While I was reading this, I couldn't help feeling that it worked great as both a comic book movie and also as a drama for the non-comics crowd. Sure, we get into bits that will make the fans happy, like Dr. Jonathan Crane (to played by 28 DAYS LATER's Cillian Murphy) scaring the life out of people as the Scarecrow, not to mention a DARK KNIGHT RETURNS-inspired Batmobile:
These images, which surfaced on the 'net a couple weeks ago, caused a bit of an uproar with the comic geeks who complain about every movie detail. Message boards were clogged with chatter about the car being "a tank, too big, a truck, ridiculous," not the streamlined Batmobile Adam West drove. All I can say is, again, it all makes perfect sense in the context of the movie. And there's no way that exhaust pipe pictured above won't spit some flames when it fires up, as a nod to the old TV show. Just look at it--it's made to spew fire.
There were maybe two sentences in the entire script that had me roll my eyes and think "eh, I guess they have to throw in a goofy line now and again." Two lines. In an entire script. Which, percentage-wise, is far and away the best of any comic movie I've ever seen (and I've pretty much seen them all). The dialogue is hard-boiled without sounding cliched, and Goyer never takes the easy way out by using dialogue to explain who a character is or why he's motivated to do what he does. Basically, this is a crime drama about a corrupt city and the man who comes along to give the few honest people in town hope enough to fight back.
Even the final act, which reintroduces Ra's al Ghul and leads to what could have been a typically comic book-y big-ass explosive ending (it doesn't, exactly) makes sense. Goyer even throws in a twist that a lot of people won't have seen coming (although COMICS 101's Scott Tipton already postulated this a while ago), and ends the movie with a perfect nod to Burton's first flick (this one functions as a de facto prequel to that).

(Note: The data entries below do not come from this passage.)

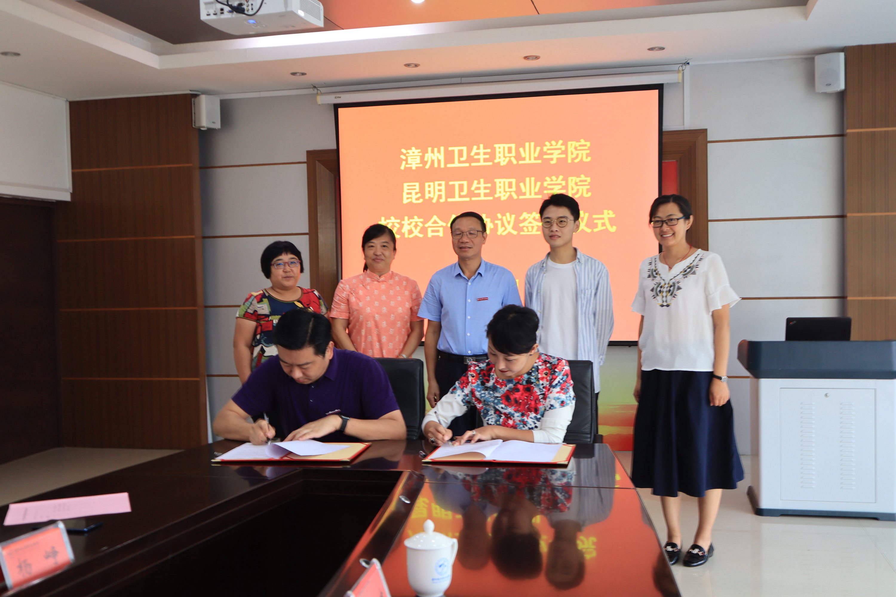为进一步促进校校间的交流与合作,实现资源共建共享,共同提高人才培养质量,6月18日,beat365由副院长龙雨霏带队,教务处处长李玉晶、教务处处长助理徐伟杰一行3人,本着学习、借鉴、交流、加强沟通与增进友谊的态度,到漳州卫生职业学院考察交流,并签订校校合作协议。期间受到院长沈国星、副院长房立平及相关部门负责人的热情接待。
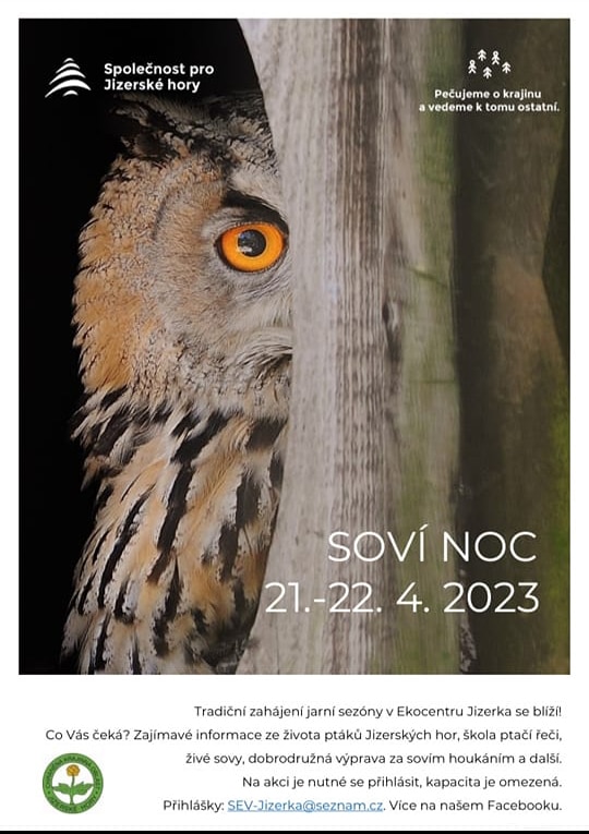 Akce začíná v pátek 21. dubna 2023 v 17:00 hodin v Ekocentru Jizerka č.p. 2 povídáním o ptactvu JH, dále venku setkání se sokolníkem, který přiveze sovy a dravce, sokolnické
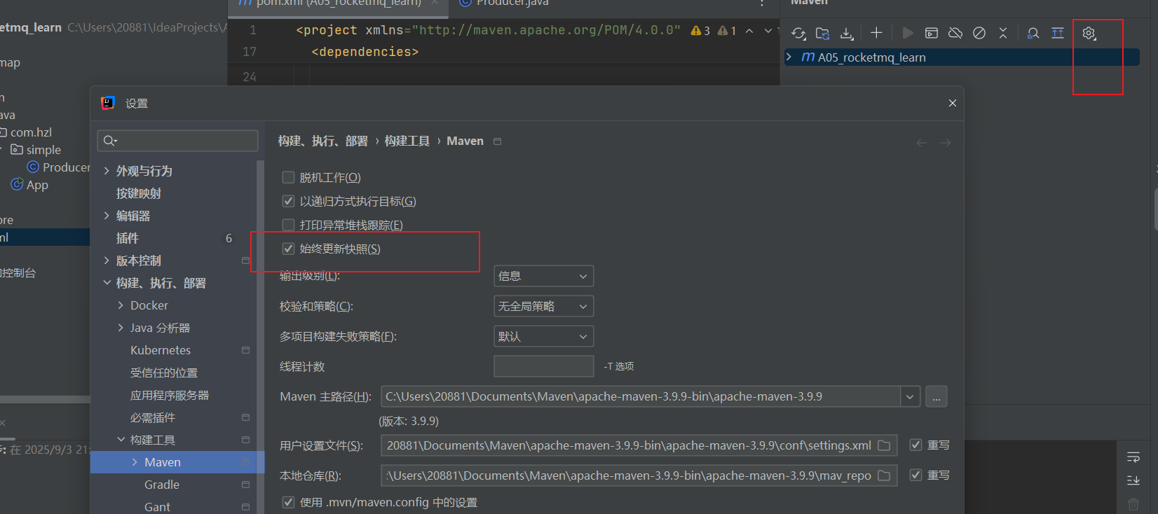 使用-U, 强制检查远程仓库中是否有依赖项(特别是 `SNAPSHOT` 版本的依赖)的更新。** 它会忽略本地仓库中已有的缓存,直接向远程仓库发起请求,以确保你获取到的是最新的 `SNAPSHOT` 构建。
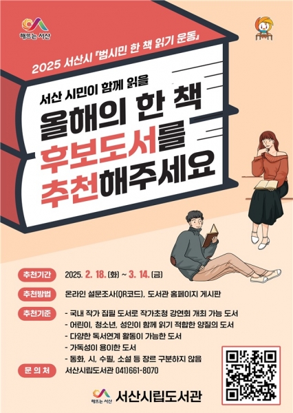 2025년 범시민 한 책 읽기 사업과 관련된 자세한 사항은 서산시립도서관에 문의하면 된다.
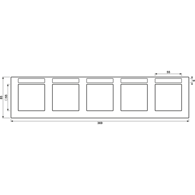 Vijfvoudig afdekraam met tekstvenster, voor horizontale montage. Afmetingen: 85 x 369 x 10 mm. Gemaakt van slagvast, mat gelakt thermoplast. Serie: A 550, kleur: grafietzwart mat. Meer informatie »
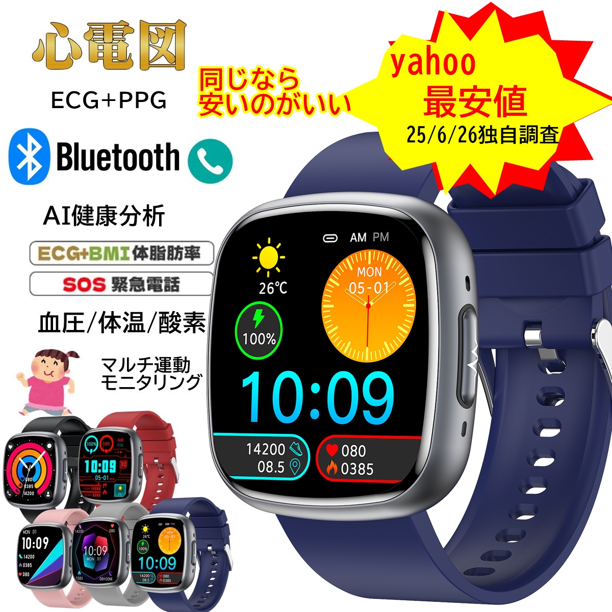 スマートウォッチ 通話機能 ECG心電図 他社9800円を 血圧測定 血中脂質 尿酸 AI診断 皮膚温 高精度心拍数 血中酸素 睡眠 着信通知 24時間健康管理 SOS
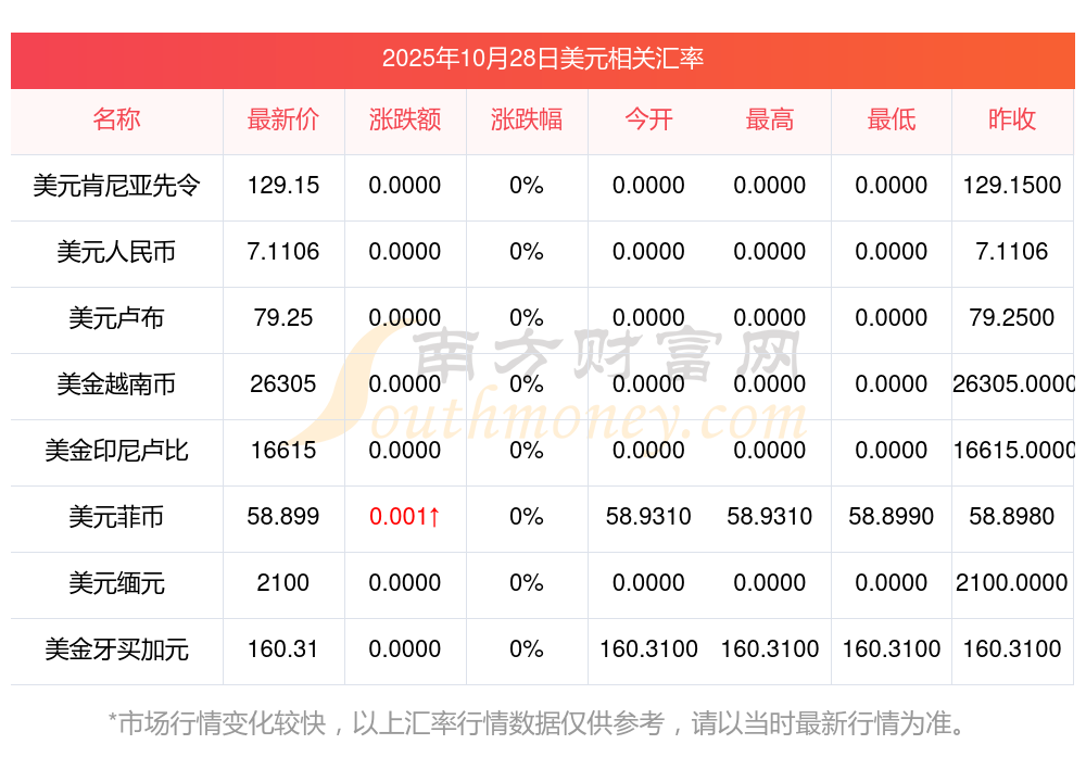 根據(jù)2025年10月28日匯率,美元兌換捷克克朗匯率最新價20.868000,今開價20.8870,昨收價20.8870,最高價20.8950,最低價20.8620。
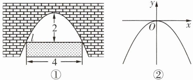1. 图22-3-2-3①是一个横断面为抛物线形状的拱桥,当水面在l处时,拱顶(拱桥洞的最高点)离水面2m,水面宽4m。如图22-3-2-3②建立平面直角坐标系,则抛物线的解析式是(
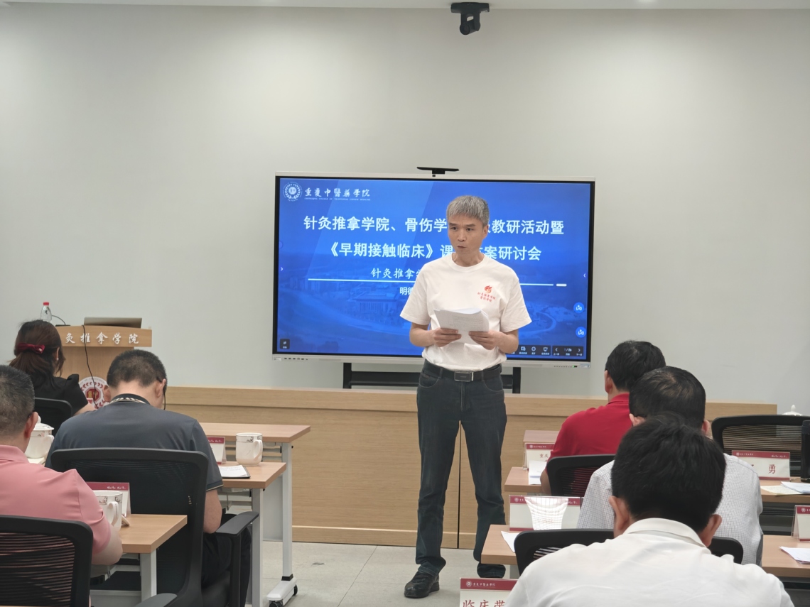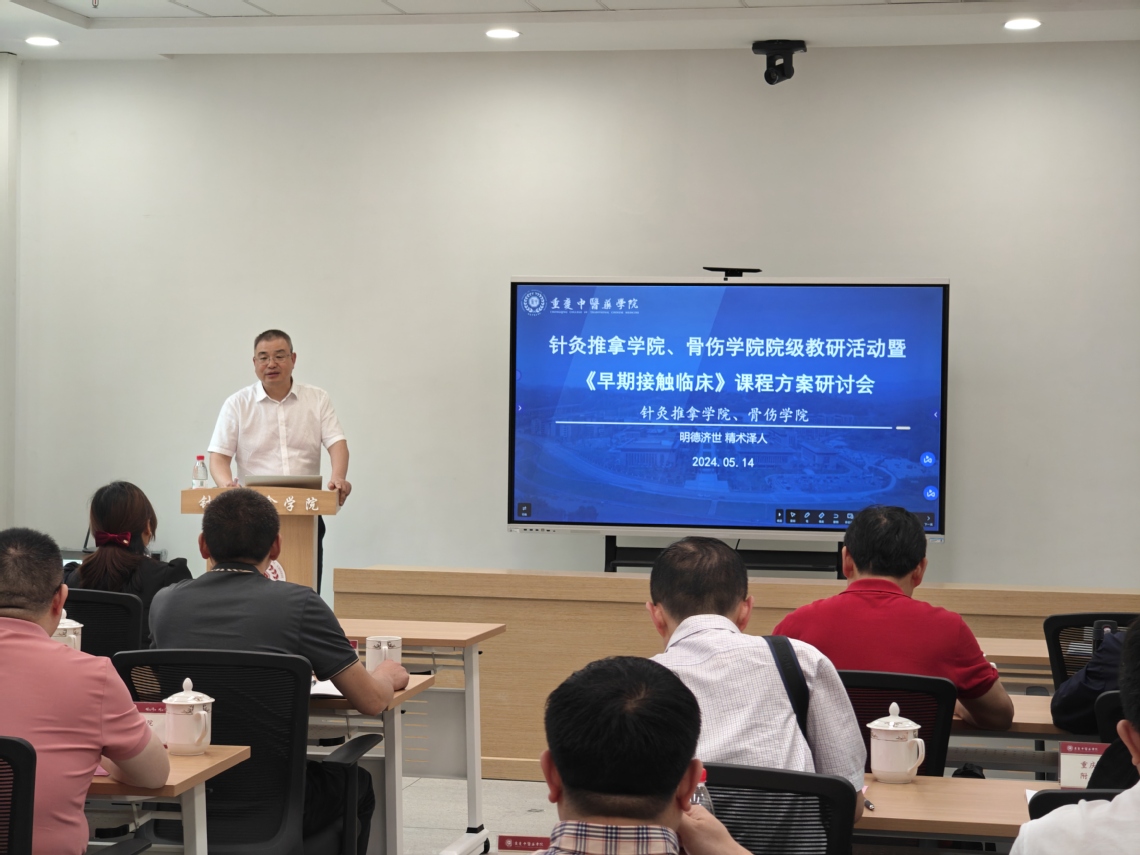 本次研讨会于5月14日14:30在针灸推拿学院B2-201会议室举行,教务处副处长黄思琴教授、重庆正刚中医骨科医院院长刘建忠、重庆正刚中医骨科医院副院长邵勇、重庆正刚中医骨科医院住院部副主任刘小芳、重庆正刚中医骨科医院门诊部副主任郑倩、16831683诸侯快讯入口附属江津医院副院长何伟、16831683诸侯快讯入口附属江津医院针灸科脑卒中康复病区主任赵铸、重庆市璧山区中医院副院长何斌、重庆市璧山区中医院科教部主任陈刚、16831683诸侯快讯入口附属九龙坡医院科教科科长鲁娟、重庆市北碚中医院医教科科长聂慧、16831683诸侯快讯入口附属骨科医院教务科科长王娜、16831683诸侯快讯入口附属永川医院科教科副科长李玲珑、16831683诸侯快讯入口附属永川医院针灸科主任彭勋超,以及各附属医院、教学医院骨干教师16831683诸侯快讯入口针灸推拿学院、骨伤学院全体教职工出席了会议。会议由针灸推拿学院院长唐成林教授主持,会议分为两个阶段。
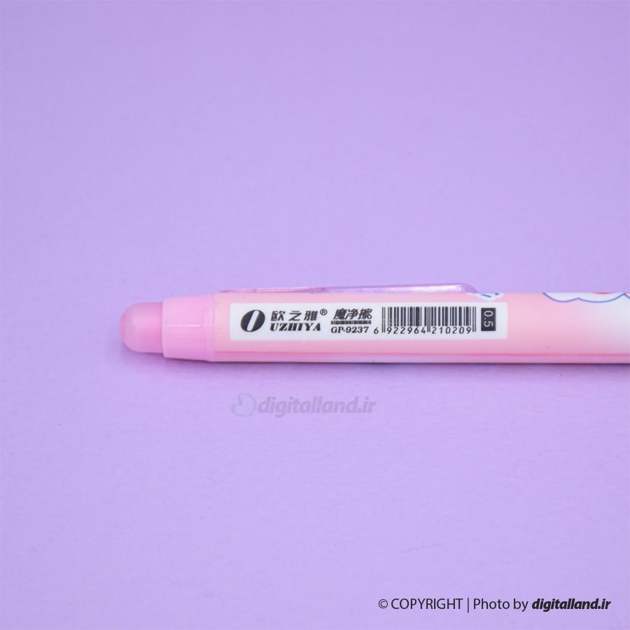 این خودکار بسیار سبک است و طراحی گریپ پایین خودکار در دست گرفتن آن را راحت می کند. مدل این خودکار فشاری است و جوهر بسیار خوبی دارد و در نوشتن هیچ تفاوتی با خودکارهای دیگر ندارد، منتها در انتهای خودکار پاکنی است که فقط جوهر خودش را پاک می کند و هیچ اثری از نوشتن شما باقی نمی گذارد.
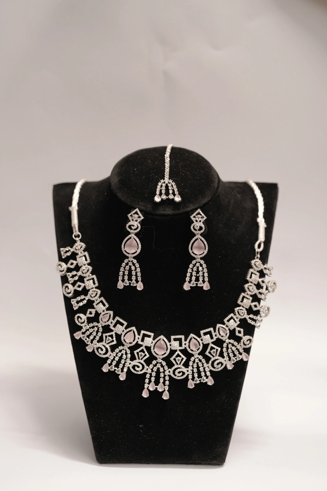 A luxury 1 karat white gold haar set with morganite stone and crystal rhinestones. Includes matching earrings and bindi. Comes in brand box packing. Designed for bridal and formal occasions.

From start to finish, this read as one of the best comic movies ever. And with the cast and creative talent responsible for it, I have even more reason to believe that the finished product will deliver.
You know how, when an artist you don't like takes over drawing your favorite comic book, you just tell yourself you can ride it out, knowing that sooner or later, things will swing back around? Well, this is like the cinematic version of that thinking. This movie is going to wipe any bad taste of Schumacher's movies out of your mind. It's going to make you care that much less about who will end up doing SUPERMAN one of these years. It's going to restore your faith in the Batman character. Bob Kane, finally your characters are once again in good hands.
BATMAN BEGINS Forever:
It's not like this movie really needs a boost, I know. And yeah, there are all kinds of smaller movies that could benefit from a little exposure more than this (I just might have to take a longer look at Trey and Matt's funny TEAM AMERICA puppet movie script), but it's just so refreshing to think that this franchise might right itself. So if you're looking for more information over the next 14 months until the movie opens, here are some places on the 'net to look.
There's the official site, where the Batmobile images came from, but for more frequent and less studio-filtered news, you should check in with Superhero Hype's BATMAN BEGINS page--it's much better and up-to-date. It features frequent set visit reports and spy photos, too. Comics2Film and Batman-on-Film are decent sources, too, and Hannibal Tabu's The Comic Reel column at ComicBookResources.com is always worth a look, too.